An agent located in the Rue du Faubourg-Saint-Denis secured Leoncavallo employment as an accompanist and instructor for artists who performed in Sunday concerts mostly at cafés. In Paris, Leoncavallo met the singer Berthe Rambaud (1869–1926) who became his "preferred student"; they became partners in Paris in 1888 and married in Milan in 1895. Increasingly inspired by the French romantics, particularly Alfred de Musset, Leoncavallo began work on a symphonic poem based on Musset's poetry entitled La nuit de mai. The work was completed in Paris in 1886 and premiered in April 1887 to critical acclaim. With this success, and now with enough accumulated money, in 1888 Leoncavallo moved to Milan with Rambaud.

Back in Italy, Leoncavallo spent some years teaching and attempting ineffectively to obtain the production of more than one opera, notably Chatterton. In 1890 he saw the enormous success of Pietro Mascagni's Cavalleria rusticana and wasted no time in producing his own verismo work, Pagliacci. (According to Leoncavallo, the plot of this work had a real-life origin: he claimed it derived from a murder trial in Montalto Uffugo, over which his father had presided.)

Pagliacci was performed in Milan in 1892 with immediate success; today it is the only work by Leoncavallo in the standard operatic repertoire.
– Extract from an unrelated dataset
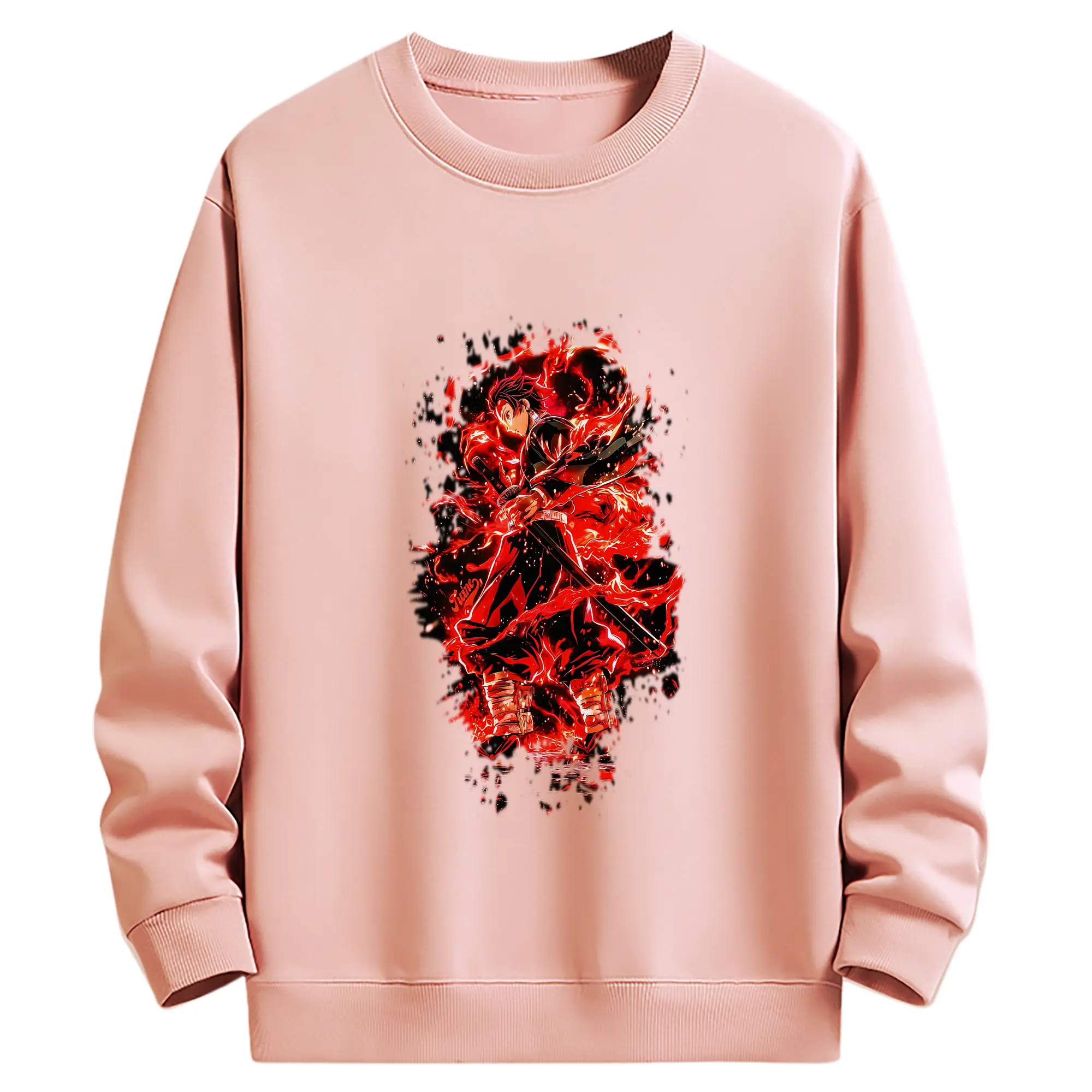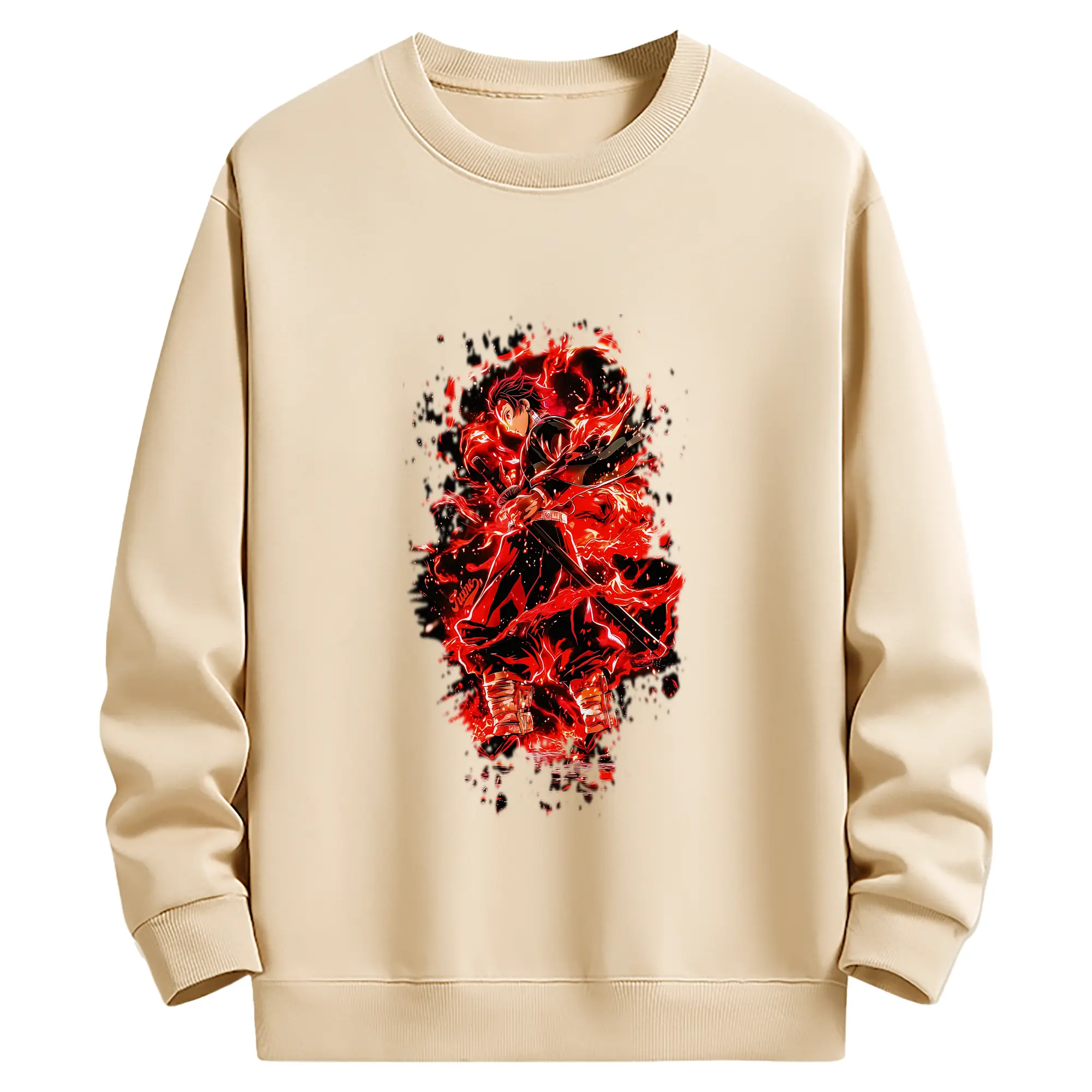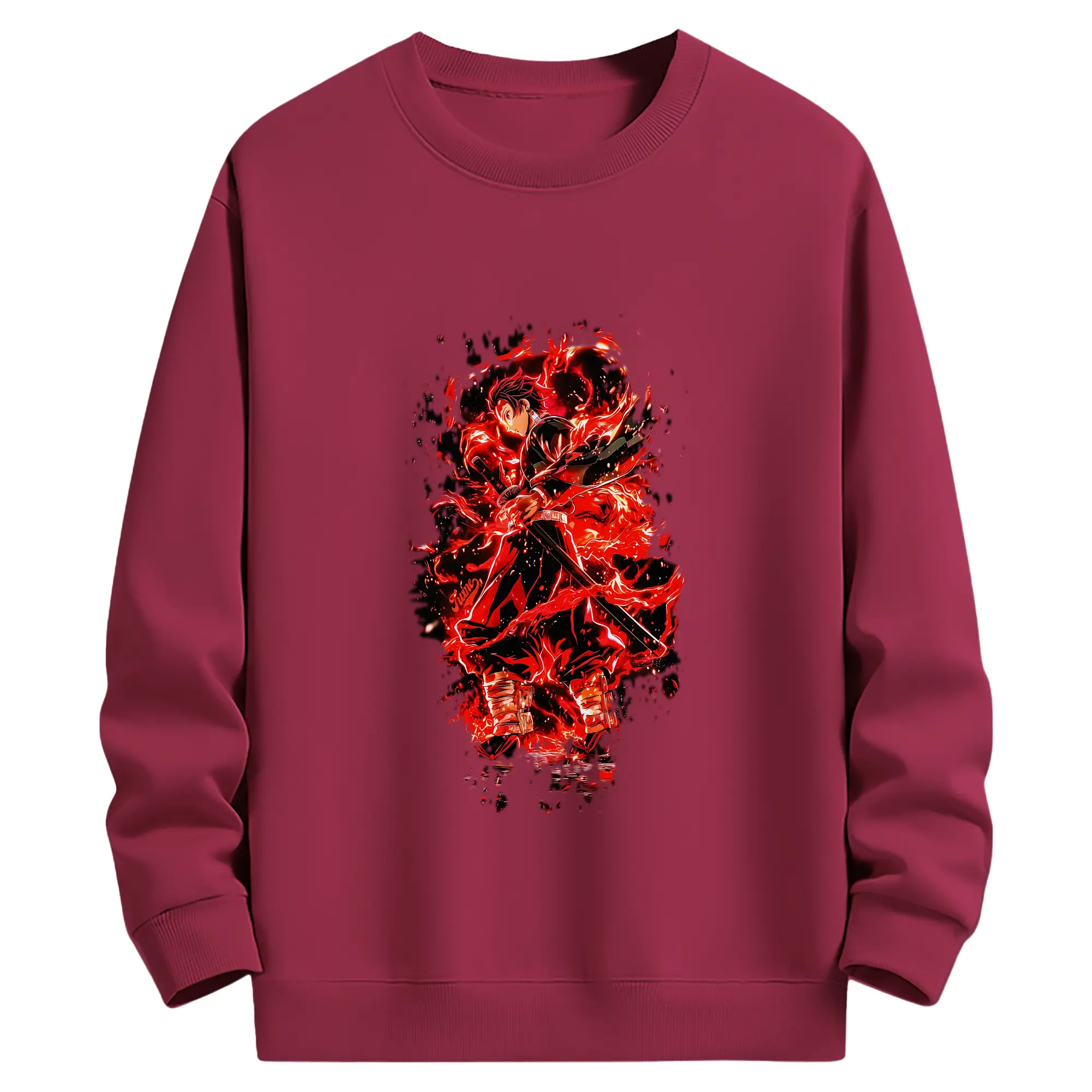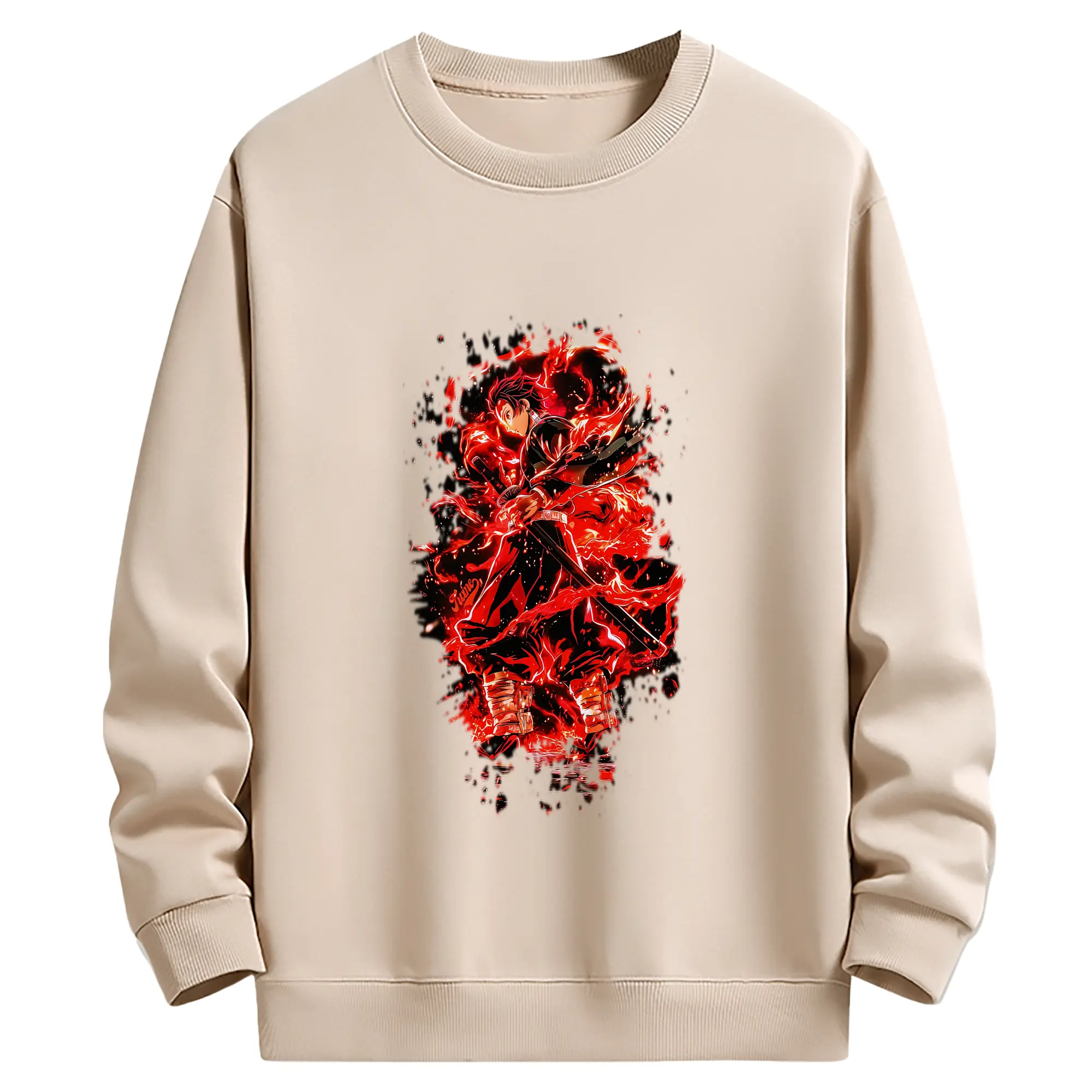 鬼滅の刃 グッズ,竈門 炭治郎 - 薄手 クルーネック スウェット 裏毛260g · ポリエステル 春秋向け カジュアル 男女兼用 · トレーナー デイリー スポーツ 散歩に最適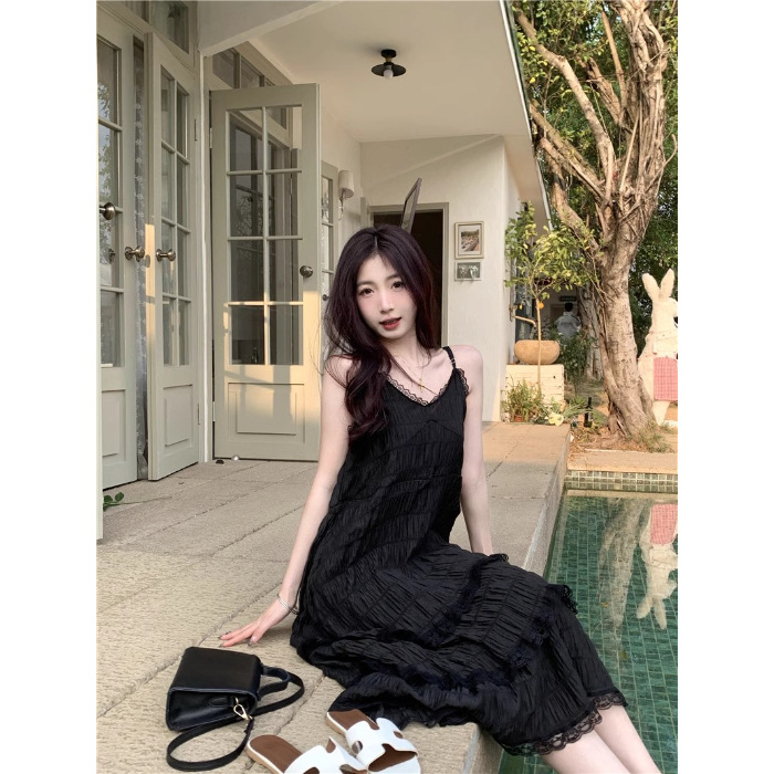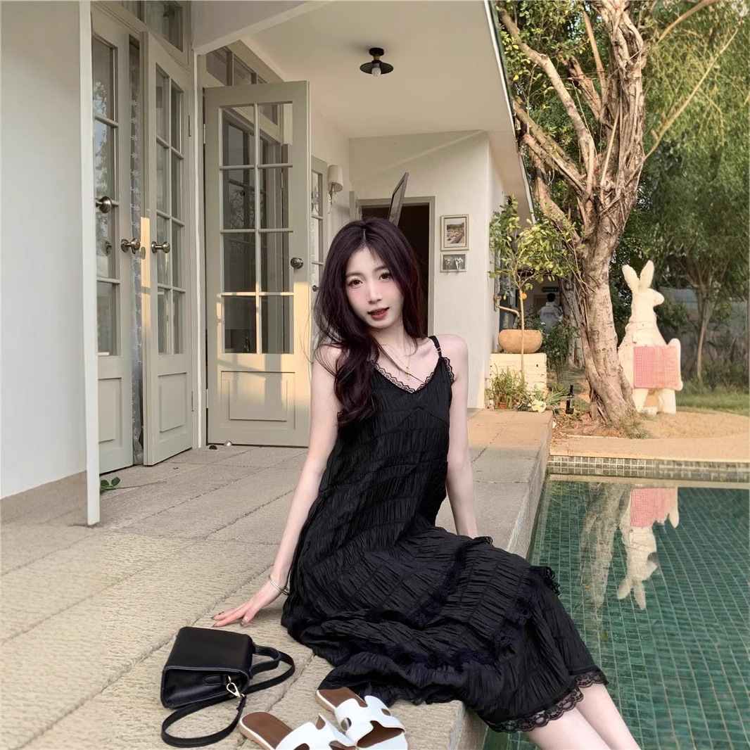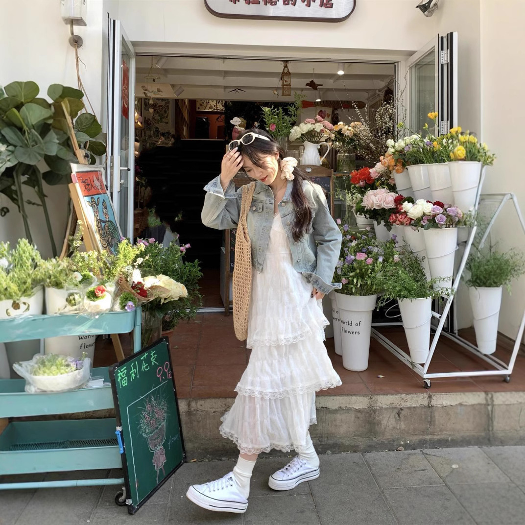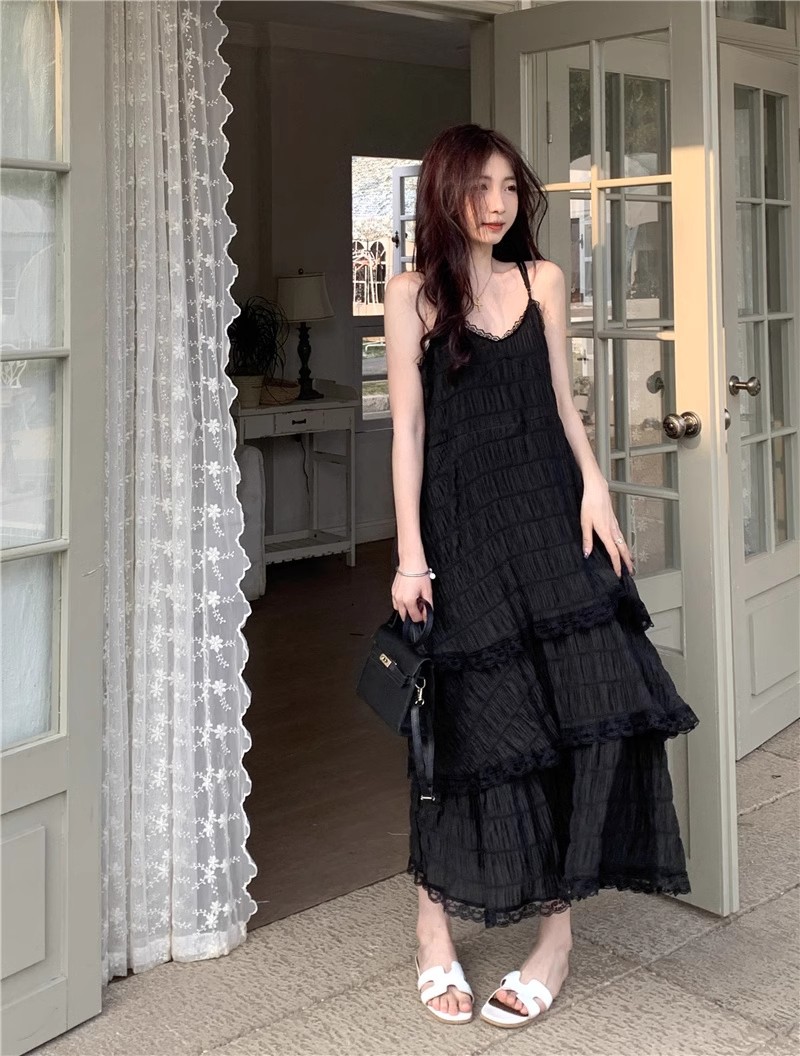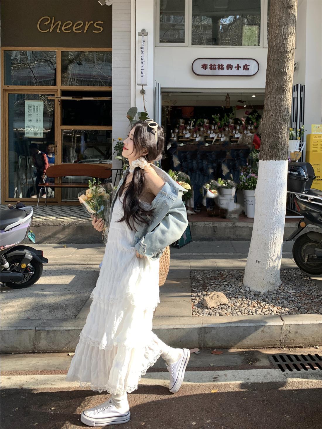 甜美减龄白色法式吊带连衣裙女装春季度假风小个子宽松蛋糕长裙子

Its most famous aria, "Vesti la giubba" ("Put on the costume" or, in the better-known older translation, "On with the motley"), was recorded by Enrico Caruso and laid claim to being the world's first record to sell a million copies (although this is probably a total of Caruso's various versions of it, made in 1902, 1904 and 1907).

The next year his I Medici was also produced in Milan, but neither it nor Chatterton (belatedly produced in 1896)—both early works—obtained much lasting favour. Much of Chatterton, however, was recorded by the Gramophone Company (later His Master's Voice) as early as 1908, and remastered on CD almost 100 years later by Marston Records. Leoncavallo himself conducts the performance or at very least supervises the production.

It was not until Leoncavallo's La bohème was performed in 1897 in Venice that his talent obtained public confirmation. However, this work was outshone by Puccini's opera of the same name and on the same subject, which had been premiered by the Teatro Regio in Turin in February 1896. Two tenor arias from Leoncavallo's version are still occasionally performed, especially in Italy.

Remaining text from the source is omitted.